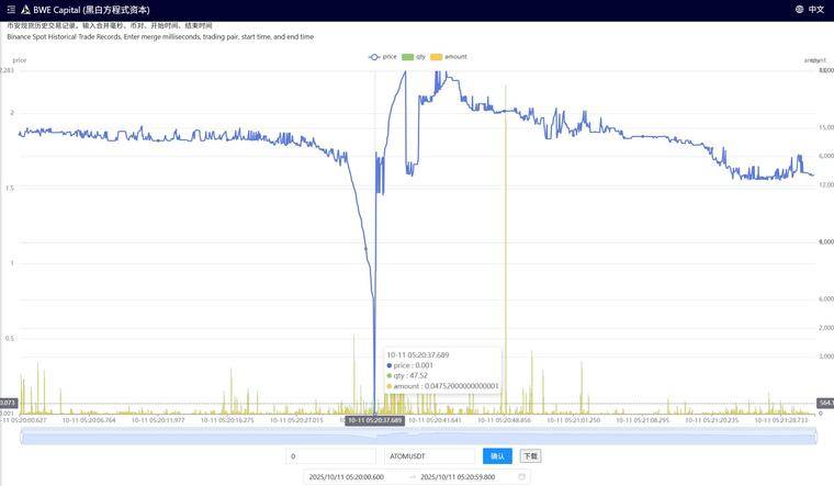 方程式新闻创始人 Vida 在昨日下午 发推称 ,通过其记录的币安实时推送的订单簿和成交记录来看,ATOM/USDT 交易对确实因为成交订单而在 0.001 USDT 的价格停留了 8 毫秒,且成交了 47.52 枚 ATOM。IOTX 则是在极低的价格上成交了 1.1 亿枚,且 Vida 猜测可能是某个使用 IOTX 当作杠杆交易保证金机构的统一账户爆仓导致价格的异常。
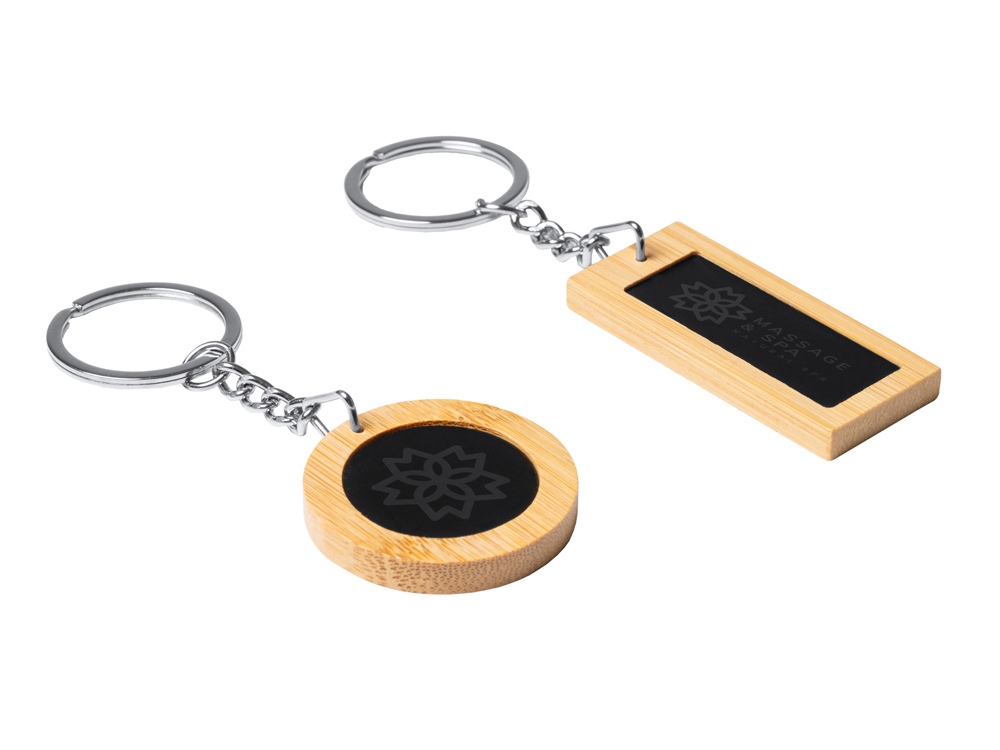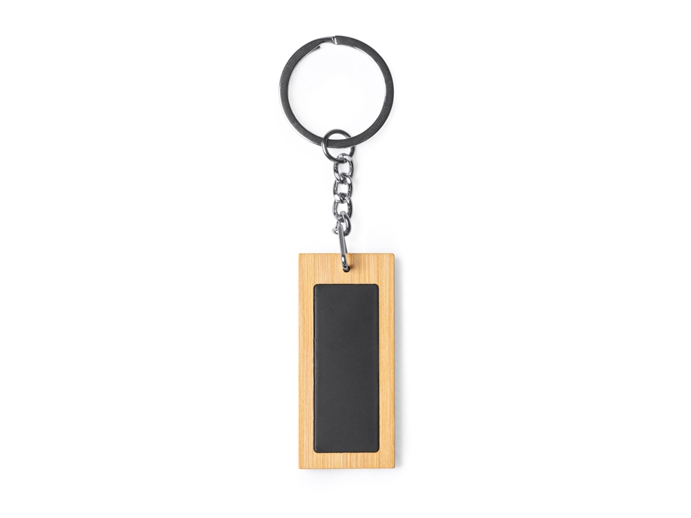 Прямоугольный брелок из бамбука и стали. Идеально подходит для лазерной гравировки.
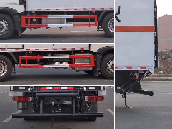 | 車廂頂部封閉不可開啟;裝EBS,EBS系統(tǒng)**器生產(chǎn)企業(yè)/型號為威伯科(上海)管理有限公司/EBS3;安裝有限速裝置;限速裝置限速(km/h):80;安裝有具有衛(wèi)星定位功能的行駛記錄儀;隨底盤選裝駕駛室;僅采用底盤軸距4275+1400mm,4575+1400mm;選裝廂體開門型式及位置;選裝瓦楞板結(jié)構(gòu)廂體;選裝后部雙拉桿結(jié)構(gòu);選裝不帶起重尾板,尾板質(zhì)量為550kg;起重尾板收起狀態(tài)水平長度為290mm;該車選裝ETC車載裝置;發(fā)動機(jī)/油耗申報值(L/100km)對應(yīng)關(guān)系為:MC07.27-60、MC07.31-60、MC07.34-60、MC07.29-60、MC07.33-60對應(yīng)36.6,發(fā)動機(jī)MC09.35-60、MC09.38-60、MC09.35B-60、MC11.40-60、MC07H.29-60、MC07H.33-60、MC07H.35-60、WP9H350E62、MC11.40-61對應(yīng)34.6;整備質(zhì)量(kg)/額定載質(zhì)量(kg)/準(zhǔn)乘人數(shù)(人)對應(yīng)關(guān)系為:10600/15270/2,10600/15205/3,11000/14870/2,11000/14805/3;側(cè)面防護(hù)及后下部防護(hù)裝置材料材質(zhì):Q235,側(cè)面防護(hù)連接方式:焊接連接;后下部防護(hù)裝置連接方式:焊接加螺栓連接,斷面尺寸(直徑):Φ120mm,離地高度:470mm;選裝不帶尾板時,后下部防護(hù)裝置斷面尺寸(寬×高):60×120(mm),離地高度:470mm;運輸**容器(瓶)包裝的貨物;危險貨物類項號:3;該車為危險品貨物運輸車;僅采用前輪盤式制動器,前置排氣管,子午線輪胎;后軸為空氣懸架;轉(zhuǎn)向輪安裝爆胎應(yīng)急防護(hù)裝置; | |||
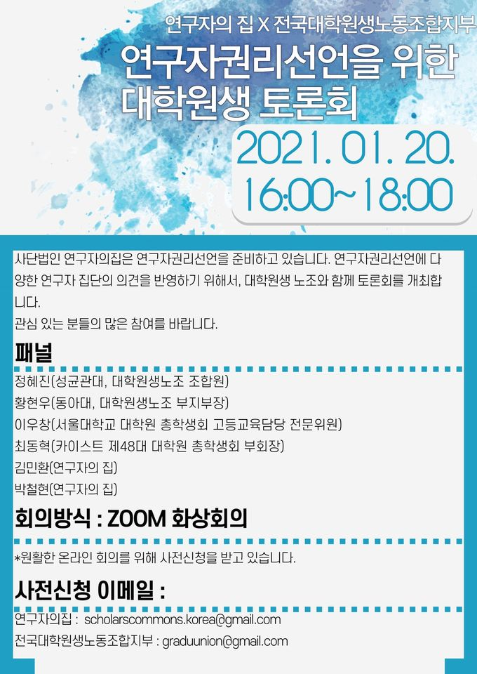 20210120 토론회 개최 <1차 연구자권리선언을 위한 토론회: 연구자의 집 X 전국대학원생노동조합지부> 활동소식 사단법인 연구자의집은 연구자권리선언을 준비하고 있습니다. 연구자권리선언에 다양한 연구자 집단의 의견을 반영하기 위해서, 대학원생 노조와 함께 토론회를 개최합니다. 관심 있는 분들의 많은 참여를 바랍니다. 352021-01-102023-10-12활동소식

****************

Task statement: I would like the data copied exactly as it stands, with no pictures included.

Result:
 方程式新闻创始人 Vida 在昨日下午 发推称 ,通过其记录的币安实时推送的订单簿和成交记录来看,ATOM/USDT 交易对确实因为成交订单而在 0.001 USDT 的价格停留了 8 毫秒,且成交了 47.52 枚 ATOM。IOTX 则是在极低的价格上成交了 1.1 亿枚,且 Vida 猜测可能是某个使用 IOTX 当作杠杆交易保证金机构的统一账户爆仓导致价格的异常。
 Прямоугольный брелок из бамбука и стали. Идеально подходит для лазерной гравировки.
 | 車廂頂部封閉不可開啟;裝EBS,EBS系統(tǒng)**器生產(chǎn)企業(yè)/型號為威伯科(上海)管理有限公司/EBS3;安裝有限速裝置;限速裝置限速(km/h):80;安裝有具有衛(wèi)星定位功能的行駛記錄儀;隨底盤選裝駕駛室;僅采用底盤軸距4275+1400mm,4575+1400mm;選裝廂體開門型式及位置;選裝瓦楞板結(jié)構(gòu)廂體;選裝后部雙拉桿結(jié)構(gòu);選裝不帶起重尾板,尾板質(zhì)量為550kg;起重尾板收起狀態(tài)水平長度為290mm;該車選裝ETC車載裝置;發(fā)動機(jī)/油耗申報值(L/100km)對應(yīng)關(guān)系為:MC07.27-60、MC07.31-60、MC07.34-60、MC07.29-60、MC07.33-60對應(yīng)36.6,發(fā)動機(jī)MC09.35-60、MC09.38-60、MC09.35B-60、MC11.40-60、MC07H.29-60、MC07H.33-60、MC07H.35-60、WP9H350E62、MC11.40-61對應(yīng)34.6;整備質(zhì)量(kg)/額定載質(zhì)量(kg)/準(zhǔn)乘人數(shù)(人)對應(yīng)關(guān)系為:10600/15270/2,10600/15205/3,11000/14870/2,11000/14805/3;側(cè)面防護(hù)及后下部防護(hù)裝置材料材質(zhì):Q235,側(cè)面防護(hù)連接方式:焊接連接;后下部防護(hù)裝置連接方式:焊接加螺栓連接,斷面尺寸(直徑):Φ120mm,離地高度:470mm;選裝不帶尾板時,后下部防護(hù)裝置斷面尺寸(寬×高):60×120(mm),離地高度:470mm;運輸**容器(瓶)包裝的貨物;危險貨物類項號:3;該車為危險品貨物運輸車;僅采用前輪盤式制動器,前置排氣管,子午線輪胎;后軸為空氣懸架;轉(zhuǎn)向輪安裝爆胎應(yīng)急防護(hù)裝置; | |||
 20210120 토론회 개최 <1차 연구자권리선언을 위한 토론회: 연구자의 집 X 전국대학원생노동조합지부> 활동소식 사단법인 연구자의집은 연구자권리선언을 준비하고 있습니다. 연구자권리선언에 다양한 연구자 집단의 의견을 반영하기 위해서, 대학원생 노조와 함께 토론회를 개최합니다. 관심 있는 분들의 많은 참여를 바랍니다. 352021-01-102023-10-12활동소식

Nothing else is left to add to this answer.